RDC is able to calculate the mentioned byte ranges very precisely, which allows for the send data reduction, especially when a small part of the file is changed (it doesn't matter if it happens at the beginning / end or in the middle of a file).

Signatures

RDC divides a file into chunks. Each chunk has a hash value assigned, which, together with the chunk size, creates a signature. A collection of file signatures contains all the information about a file's content. The source retrieves information about the file content existing on the destination by downloading its signatures. By comparing its own signatures with the downloaded ones, the source is able to generate the needs list.

Signatures synchronization

A really large file can have very big signatures. Therefore, they aren't directly downloaded. RavenFS internally synchronizes the signatures to speed up the entire operation and reduce the amount of the exchanged data (the signature is always smaller than its file).

HTTP request format

An upload of the missing file chunks between the source and the destination file systems is performed by HTTP multipart POST message. The destination server exposes the /synchronization/MultipartProceed endpoint which accepts only RavenFS specific formatted MIME multipart content.
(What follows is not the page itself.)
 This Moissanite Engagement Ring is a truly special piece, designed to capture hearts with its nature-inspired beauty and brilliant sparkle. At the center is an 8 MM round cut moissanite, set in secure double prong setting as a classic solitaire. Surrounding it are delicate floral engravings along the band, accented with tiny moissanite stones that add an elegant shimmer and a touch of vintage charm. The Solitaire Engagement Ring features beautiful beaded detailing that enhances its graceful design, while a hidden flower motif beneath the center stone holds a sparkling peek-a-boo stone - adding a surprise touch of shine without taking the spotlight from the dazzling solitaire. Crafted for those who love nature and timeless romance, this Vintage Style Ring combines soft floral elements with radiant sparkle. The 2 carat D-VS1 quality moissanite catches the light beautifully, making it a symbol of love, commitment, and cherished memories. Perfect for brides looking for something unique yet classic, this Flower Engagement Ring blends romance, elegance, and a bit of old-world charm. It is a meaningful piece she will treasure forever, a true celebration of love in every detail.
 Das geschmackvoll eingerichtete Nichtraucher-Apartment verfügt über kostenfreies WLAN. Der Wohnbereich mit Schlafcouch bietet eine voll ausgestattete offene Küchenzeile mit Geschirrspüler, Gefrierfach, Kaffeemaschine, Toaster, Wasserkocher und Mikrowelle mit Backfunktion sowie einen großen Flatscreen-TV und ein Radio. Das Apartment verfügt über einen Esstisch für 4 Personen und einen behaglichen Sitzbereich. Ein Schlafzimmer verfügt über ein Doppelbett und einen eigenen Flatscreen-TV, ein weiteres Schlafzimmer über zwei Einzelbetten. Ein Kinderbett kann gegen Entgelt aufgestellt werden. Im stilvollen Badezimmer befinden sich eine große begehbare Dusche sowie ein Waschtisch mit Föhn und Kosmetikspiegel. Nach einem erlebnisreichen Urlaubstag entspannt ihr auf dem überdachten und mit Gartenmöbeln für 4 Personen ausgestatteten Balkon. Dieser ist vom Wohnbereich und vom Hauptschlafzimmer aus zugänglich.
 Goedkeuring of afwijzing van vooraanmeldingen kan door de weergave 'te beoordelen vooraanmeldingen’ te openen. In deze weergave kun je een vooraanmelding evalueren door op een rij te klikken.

Below there is a sample synchronization request sent by the server (the Content-Type request header has to be set to multipart/form-data; boundary=syncing).

--syncing   
Content-Disposition: form-data; Syncing-need-type=seed; Syncing-range-from=0; Syncing-range-to=407029   
Content-Type: plain/text   

--syncing   
Content-Disposition: file; Syncing-need-type=source; Syncing-range-from=407030; Syncing-range-to=412242   
Content-Type: application/octet-stream   

[... data from byte 407030 to 412242 goes here...]   

--syncing--

Note that the first seed part is empty because it involves the destination file chunk. It contains only the information about byte range that needs to be copied from the existing file. The second one is source part and it contains a range of file content bytes.
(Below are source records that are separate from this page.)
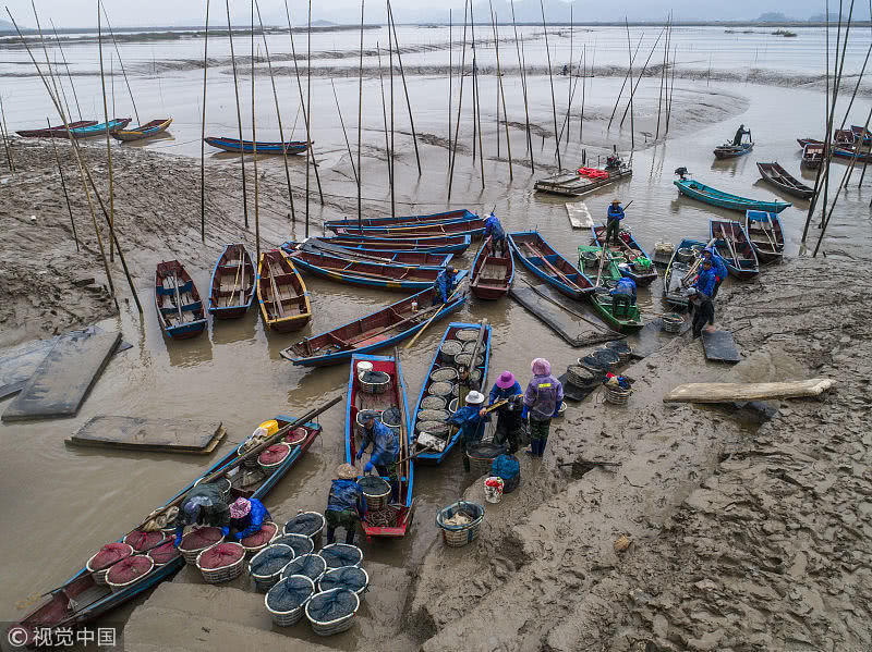 浙江台州,三门县花桥镇栅下村的文化礼堂前,村民们冒雨和商贩交易蛏苗,现场一片繁忙。据了解,花桥蛏苗属于野生苗,存活率高,易成长,极受市场欢迎,一到捕捞季节,辽宁、山东、江苏和浙江的养殖户和蛏苗小贩争相到花桥购买优质蛏苗。
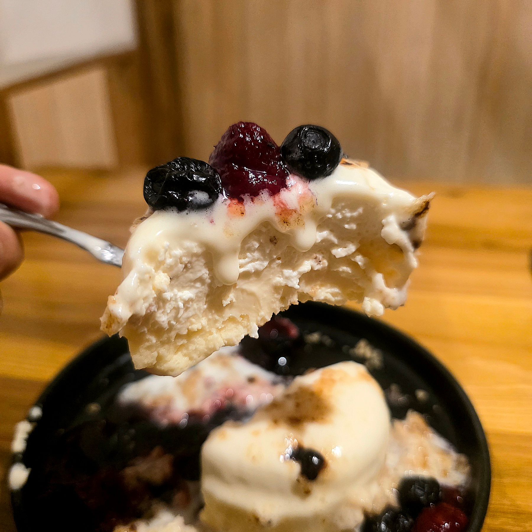 口に含むと軽やかで爽やかな甘さが広がり、ベリーソースを絡めると一気に味が跳ねる。文句なしで優勝。
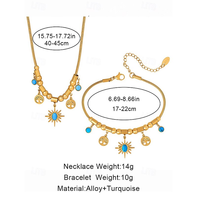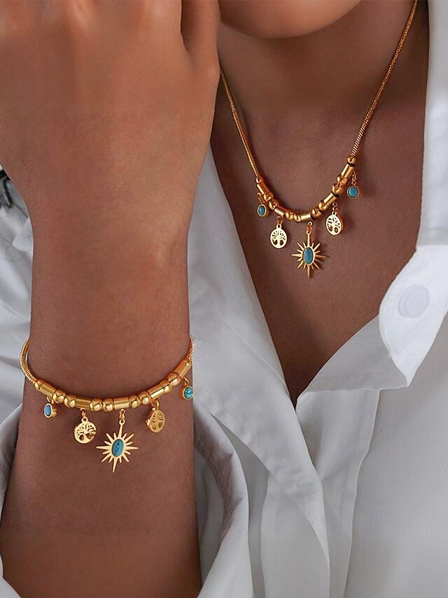 $11.99 - Women's Gold Alloy Necklace and Bracelet Set with Turquoise Sun and Tree Charms – Boho Chic Jewelry for Parties, Holidays and Casual Wear 2025. Shop for cheap Women's Necklace online? Buy at lightinthebox.com on sale today!

If the file does not exist on the destination file system, then the synchronization request consists of one source part that contains entire file data.

Temporary sync file

RavenFS assumes that an error during the synchronization operation may happen at any time. To avoid the scenario in which the failed synchronization damages the synced file on the destination system, target file is built under the [FILENAME].downloading name. If the synchronization finishes without any error, then the [FILENAME] file will be deleted and the [FILENAME].downloading will be renamed to [FILENAME].

Metadata update

If the difference between the source file and the destination file is only in the metadata, the source system creates a POST request just with file metadata placed in the request headers. The destination server has the dedicated endpoint for that: /synchronization/updateMetadata. The sent metadata will override the existing one while ETag and Last-Modified will get new values (as usual after every successful synchronization).

Rename

RavenFS is able to recognize that the file was renamed and in order to reflect that change on the destinations it doesn't need to transfer the file content at all. Synchronizing the rename operation is forcing destination file systems to rename the file according to a given name. The appropriate HTTP endpoint on a destination server is /synchronization/rename.

Delete

To deal with synchronization of deletions, the file system keeps tombstones with a delete marker for each deleted file. Then it is able to determine that the destination node has files that were already deleted on the source. The delete synchronization sends a POST request to the destination server to the /synchronization/delete endpoint.